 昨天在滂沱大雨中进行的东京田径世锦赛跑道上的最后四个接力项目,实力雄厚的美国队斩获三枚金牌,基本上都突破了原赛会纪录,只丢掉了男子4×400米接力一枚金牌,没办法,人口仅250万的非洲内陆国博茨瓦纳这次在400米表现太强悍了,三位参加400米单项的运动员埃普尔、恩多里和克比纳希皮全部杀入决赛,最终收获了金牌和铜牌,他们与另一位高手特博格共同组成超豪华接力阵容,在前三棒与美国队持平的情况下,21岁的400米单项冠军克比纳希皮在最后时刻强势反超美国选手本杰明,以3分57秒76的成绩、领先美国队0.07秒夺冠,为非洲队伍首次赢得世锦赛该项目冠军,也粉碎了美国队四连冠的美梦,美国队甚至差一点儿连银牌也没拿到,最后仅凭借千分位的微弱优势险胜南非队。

---

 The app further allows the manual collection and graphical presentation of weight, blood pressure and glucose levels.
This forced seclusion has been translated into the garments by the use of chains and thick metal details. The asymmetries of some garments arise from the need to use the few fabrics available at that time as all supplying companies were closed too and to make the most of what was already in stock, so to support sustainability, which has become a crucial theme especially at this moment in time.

**Prompt:** Which lines above run from the one containing "The app further" down to the one containing "This forced seclusion"? Repeat exactly those, both ends included, and nothing else.

**Answer below:**
 The app further allows the manual collection and graphical presentation of weight, blood pressure and glucose levels.
This forced seclusion has been translated into the garments by the use of chains and thick metal details. The asymmetries of some garments arise from the need to use the few fabrics available at that time as all supplying companies were closed too and to make the most of what was already in stock, so to support sustainability, which has become a crucial theme especially at this moment in time.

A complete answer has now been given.